RBS-NatWest customer holds up debit card cut in half to demonstrate dissatisfaction with service following computer glitch
RBS-NatWest customers are only the latest victims of a computer glitch Reuters

On 19 June, the Royal Bank of Scotland (RBS) and its subsidiary NatWest were thrown into chaos when a computer crashed, preventing millions from accessing their accounts.

For nearly a week, many customers were unable to make payments, check their balances or even withdraw cash.

RBS was forced to make a grovelling apology, offer compensation to disgruntled customers and open some branches on a Sunday for the first time in its history.

What was the cause of the crisis? The company said it was a system update that went terribly wrong.

Why was the failure able to happen? Apparently, because of chronic staff shortages in the bank's IT department.

RBS chief executive Stephen Hester denied reports that the glitch was caused by an "inexperienced operative" in India.

"I have no evidence of that," he said. "The IT centre - our main centre - [is] nothing to do with overseas. Our UK backbone has seen substantial investment."

Regardless of who was ultimately responsible, RBS has warned that it will be a few more days before customers get normal service across all branches because of the "significant stress" on its systems.

And with frustrated customers venting their anger daily by phone, email, Facebook and Twitter, it is safe to say that it will take even longer to get back into the good books of millions of people.

But this is not the first time a computer bug has wreaked havoc and cost a company millions of pounds.

IBTimes UK takes a look at just of few the worst computer glitches this century.

You will never look at your computer in the same way again.

RIM (Research in Motion)

BlackBerry manufacturer Research In Motion (RIM) faced an angry backlash after a service blackout in October 2011 disrupted email, web browsing and messaging services for millions of users worldwide.

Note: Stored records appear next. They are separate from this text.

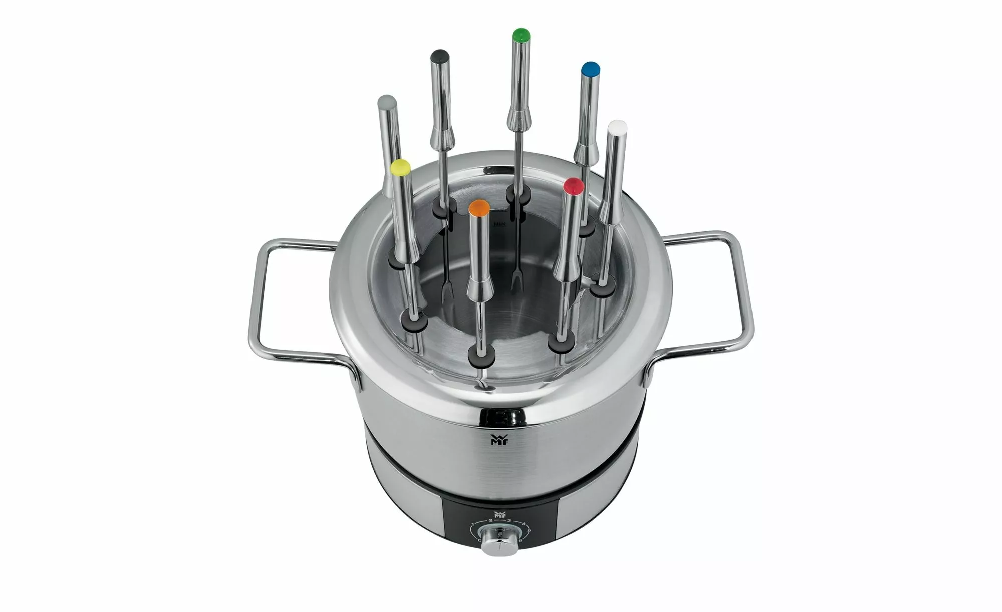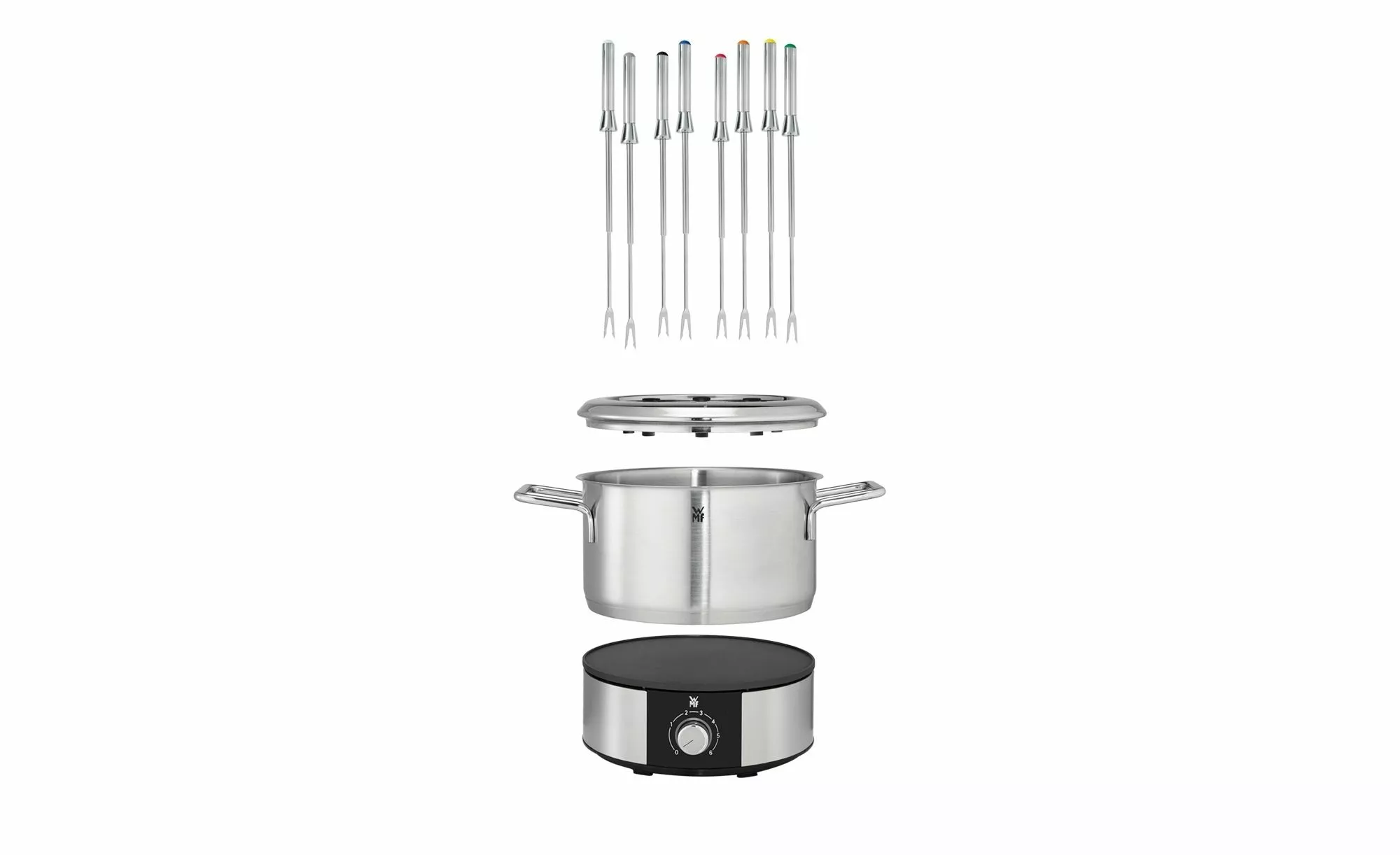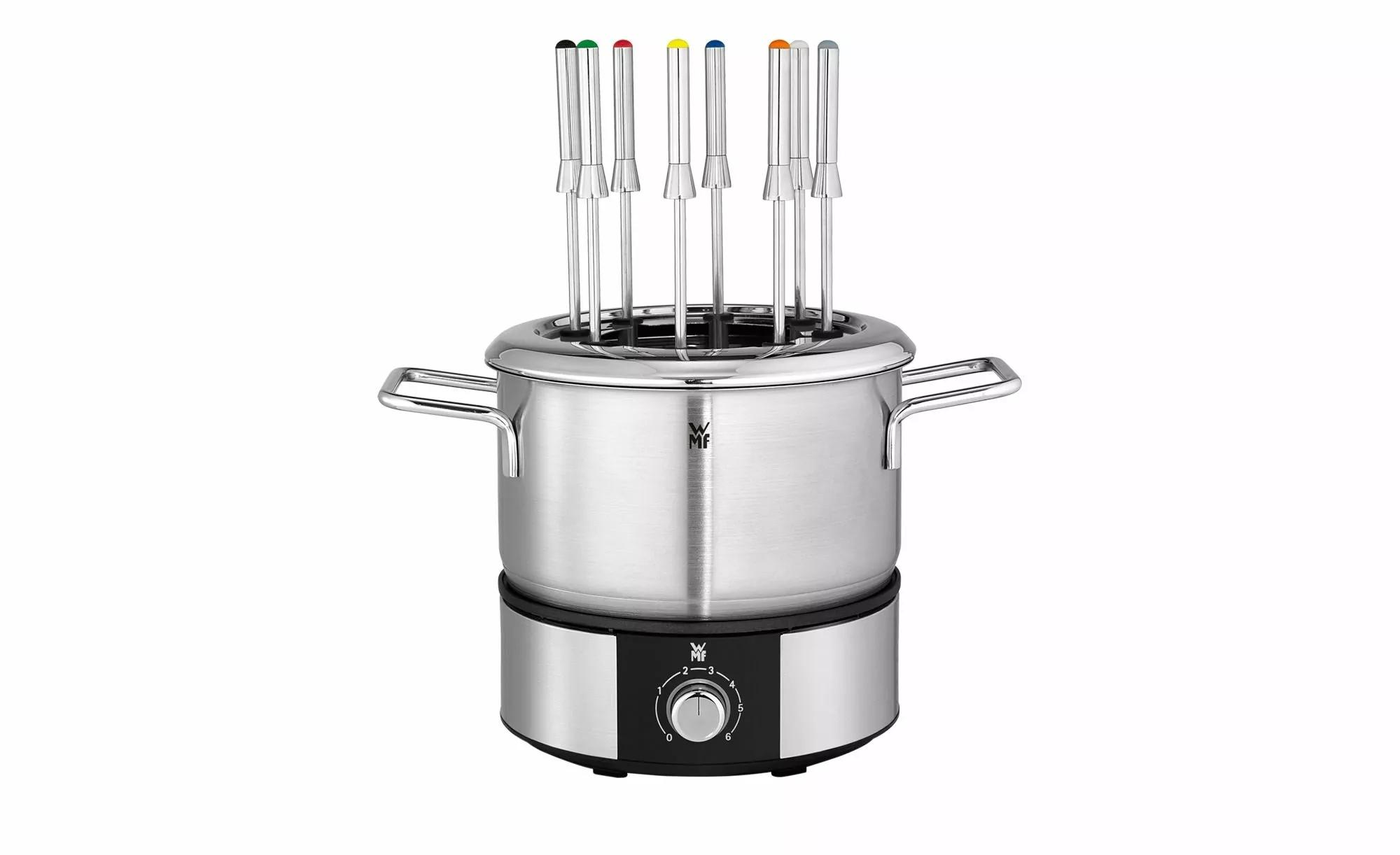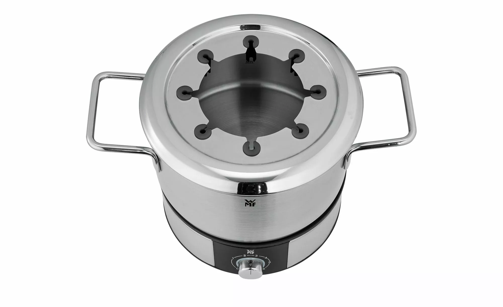 Cromargan® fonduekruka med 1,5 l kapacitet, hållare för individuella fonduegafflar; Variabel temperaturinställning, LED-klar indikator, På / av-omkopplare, 1400 Watt
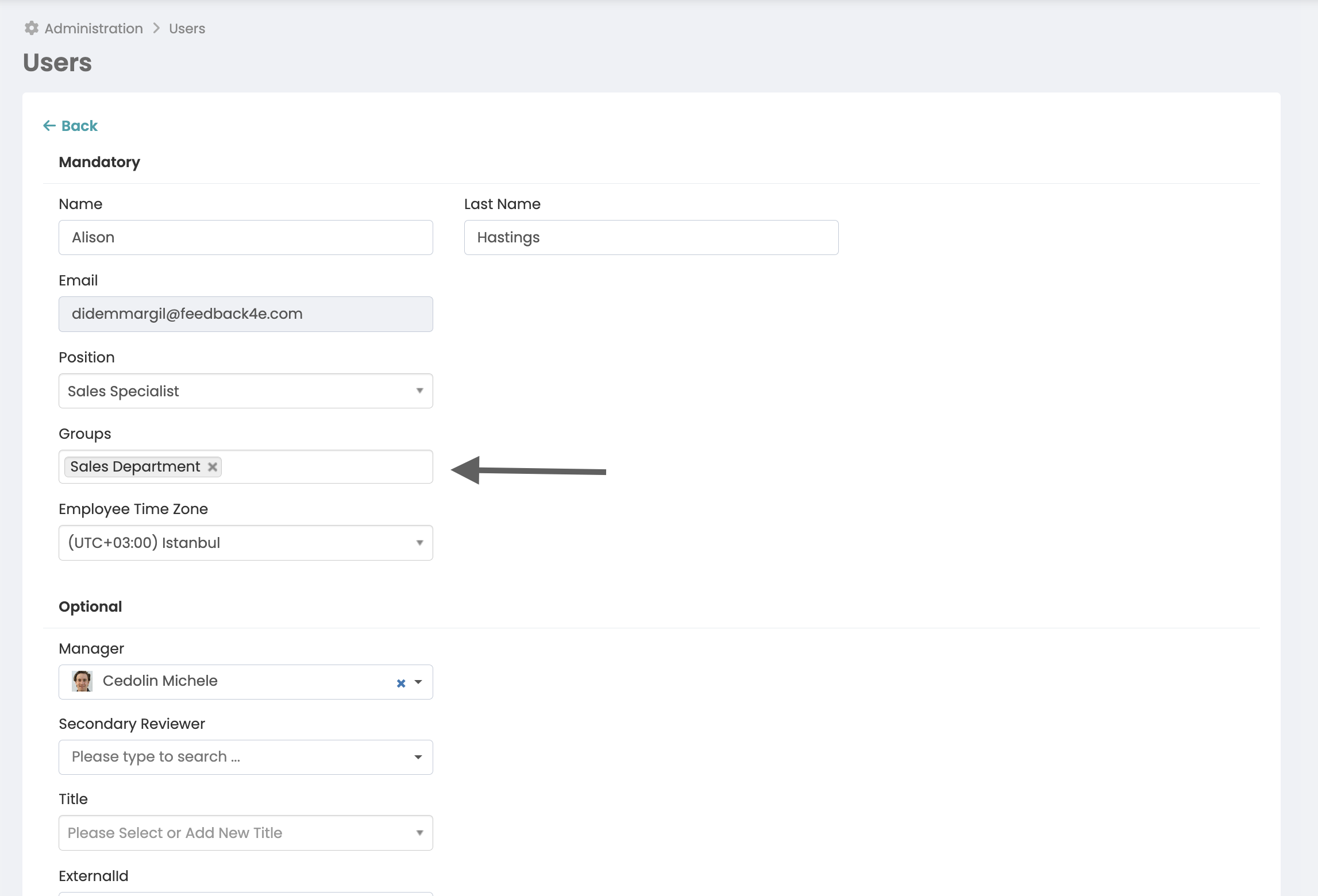 After creating the group, you need to assign employees who will manage company goals to this group. For this
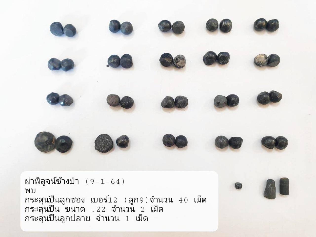 พบกระสุนปืนลูกซอง เบอร์ 12 ขนาด 9 จำนวน 40 เม็ด ลูกกระสุนปืน ขนาด .22 จำนวน 2 เม็ด และลูกปราย จำนวน 1 เม็ด และพบตรงจุดสำคัญบริเวณใต้เบ้าตา 2 ลูก ซึ่งเป็นเหตุทำให้ตาขวามีอาการอักเสบ มองไม่เห็น มีลักษณะเป็นฝ้าขาว
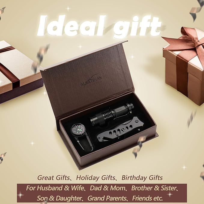 ALBATROSS TS001-2 Camping Survival Kit, Outdoor Emergency Gear Kit for Camping Hiking Travelling,Includes Knife,seltbelt Cutter,Glass Breaker,Flashlight,Compass, Thermometer,Gift Box
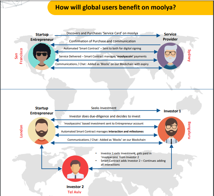Moolya.global은 생태계 공동체에 요구되는 양방향 네트워크, 시장 및 서비스 플랫폼의 절정 인 세계 최초의 '글로벌'글로벌 포괄적 글로벌 시동 생태계 '입니다. 쏘다. 여기에는 조직, 아이디어, 신생 기업, 투자자, 회사, 서비스 제공 업체 및 기타 참가자 등 6 개의 중요한 커뮤니티가 포함됩니다.Moolya는 클러스터, 장 및 장, 디지털 오피스, 서비스 카드, 표현, 비즈니스 프로세스 및 워크 플로에 대해 오랜 시간 테스트 된 개념을 사용하여 시스템의 오프라인 모델을 시뮬레이션합니다. 에코 부츠.

According to RIM, the problem originated from a data centre in Slough.

Honda

In August 2011, car manufacturer Honda was forced to recall 2.5 million cars worldwide because of a software bug.

The computer glitch could have damaged the automatic transmission of its vehicles, causing them to shift out of park or simply stall while on the road.

Commonwealth Bank

In March, a Commonwealth Bank ATM network bug caused cash machines in Australia to dispense more money to customers than was in their accounts.

Police arrested two people caught trying to take the "free money", an act that was classed as fraud.

Y2K, the Millennium Bug

In the run-up to the millennium, apocalyptic fears of a worldwide computer meltdown causing planes to fall out of the sky, power supplies to freeze and the world economic system to shatter overnight, were pushed by the conspiracist end of the computer nerd spectrum.

The doomsday scenario became known as the Y2K (Year 2000) bug and its adherents said it would be caused when the date on computers switched from "1999" to "2000" as most programmes were configured only for the last two digits of a year rather than all four.

According to estimates, the scale of the problem ranged from global meltdown to minor irritation but numerous companies considered expensive fallback options. The actual number of computer failures that occurred when the clocks clicked over into 2000 remains unknown and the problem quietly disappeared.